LEWISTON — Some kids wallowed. Some sank to the bottom of the pit and flopped onto their backs until their faces and clothes turned the color of coffee. And some made mud angels.

Because of the weight of the mud that quickly began to dry in the 80-degree heat, Shane Bergeron, 8, waddled Saturday when he finished the Geiger Elementary School obstacle course, called the Tough Gator Challenge.

But he walked toward the start.

“I want to do it five times,” he said of the 1½-mile course.

And he wasn’t alone.

Two hours after the challenge began — raising as much as $5,000 for the school’s parent-teacher association — some of children had completed eight laps, said parent Chip Groover, who came up with the idea with another father.

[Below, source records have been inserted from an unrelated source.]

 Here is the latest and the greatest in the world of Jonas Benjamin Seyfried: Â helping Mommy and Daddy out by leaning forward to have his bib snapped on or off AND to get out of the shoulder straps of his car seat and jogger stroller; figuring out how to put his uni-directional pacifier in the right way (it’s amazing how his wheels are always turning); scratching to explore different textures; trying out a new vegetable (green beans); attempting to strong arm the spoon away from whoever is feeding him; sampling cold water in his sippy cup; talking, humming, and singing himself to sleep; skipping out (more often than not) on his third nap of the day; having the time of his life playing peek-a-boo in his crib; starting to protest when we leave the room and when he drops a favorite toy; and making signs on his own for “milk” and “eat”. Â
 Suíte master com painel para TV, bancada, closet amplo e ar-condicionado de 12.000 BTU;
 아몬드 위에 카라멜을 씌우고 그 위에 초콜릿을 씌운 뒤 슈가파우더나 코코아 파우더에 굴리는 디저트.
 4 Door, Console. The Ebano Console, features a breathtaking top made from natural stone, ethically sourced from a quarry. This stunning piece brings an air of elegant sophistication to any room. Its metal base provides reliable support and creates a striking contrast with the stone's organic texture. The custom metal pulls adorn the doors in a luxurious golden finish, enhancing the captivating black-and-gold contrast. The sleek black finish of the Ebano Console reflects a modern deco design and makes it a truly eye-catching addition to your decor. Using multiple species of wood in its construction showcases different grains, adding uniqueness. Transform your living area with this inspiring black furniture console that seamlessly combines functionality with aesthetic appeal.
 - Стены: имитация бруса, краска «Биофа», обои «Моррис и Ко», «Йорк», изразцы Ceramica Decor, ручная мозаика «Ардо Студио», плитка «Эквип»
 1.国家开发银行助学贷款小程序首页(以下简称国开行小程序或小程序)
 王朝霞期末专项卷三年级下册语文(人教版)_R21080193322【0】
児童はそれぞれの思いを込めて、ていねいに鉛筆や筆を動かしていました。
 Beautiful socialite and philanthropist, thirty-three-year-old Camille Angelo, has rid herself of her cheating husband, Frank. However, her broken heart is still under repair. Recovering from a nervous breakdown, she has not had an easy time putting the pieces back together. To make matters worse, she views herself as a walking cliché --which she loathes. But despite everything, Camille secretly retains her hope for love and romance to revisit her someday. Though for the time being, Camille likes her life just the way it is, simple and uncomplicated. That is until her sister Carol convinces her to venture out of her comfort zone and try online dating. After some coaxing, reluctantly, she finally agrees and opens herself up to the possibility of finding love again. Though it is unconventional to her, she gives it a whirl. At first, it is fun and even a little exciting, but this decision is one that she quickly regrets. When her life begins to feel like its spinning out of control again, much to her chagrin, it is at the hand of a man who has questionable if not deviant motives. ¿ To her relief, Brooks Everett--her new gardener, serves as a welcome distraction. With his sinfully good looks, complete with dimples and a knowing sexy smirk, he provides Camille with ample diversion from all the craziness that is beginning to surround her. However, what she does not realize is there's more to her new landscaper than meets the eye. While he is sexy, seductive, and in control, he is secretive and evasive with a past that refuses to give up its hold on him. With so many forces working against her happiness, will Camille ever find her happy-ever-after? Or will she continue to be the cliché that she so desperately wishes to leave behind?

They ran a course called “The Tough Mudder” in Vermont and wondered if they might create something similar. It would be fun, Groover figured. It could encourage fitness and teamwork, and it could raise money for the organization that helps fund field trips and visits to the school by authors and other speakers.

The planning began in September, lining up sponsors and materials and in-kind donations. Construction on the course began in April.

Parents mowed grass and cleared trees around the College Road school. They built bridges and balance beams, tunnels and walls.

A contractor donated time and equipment to build the pit. Then, city firefighters came and gave it some water for the mud.

On Friday, about 15 teachers ran the course while the school’s student body cheered. Saturday was everyone else’s chance.

About 220 people preregistered, promising $5 each to run the course. At least 250 more signed up at the school, paying $7 each, Groover said.

About 100 volunteers watched over each piece of the track, from the brook jumps and tunnel squeezes to the mud pit and the last stop, a rinsing Slip-and-Slide run.

“It’s a good workout,’ said Shane’s dad, Lewiston firefighter Kevin Bergeron, covered in mud after a second and final run. Shane’s brother, 11-year-old Spencer, also ran it twice, doing his best to walk through the mud pit.

One unforeseen hazard was a growing collection of shoes that had been mired and abandoned at the bottom of the pit.

They tripped up a few challenge runners.

But no one was hurt, said Groover, who started each run by addressing children and adults on a bullhorn.

“I don’t care how fast you are!” his voice boomed. “It’s not a race. It’s a challenge!”

The starters repeated each cheer: “I’m going to help my fellow gators! Tough Gators! Tough Gators!”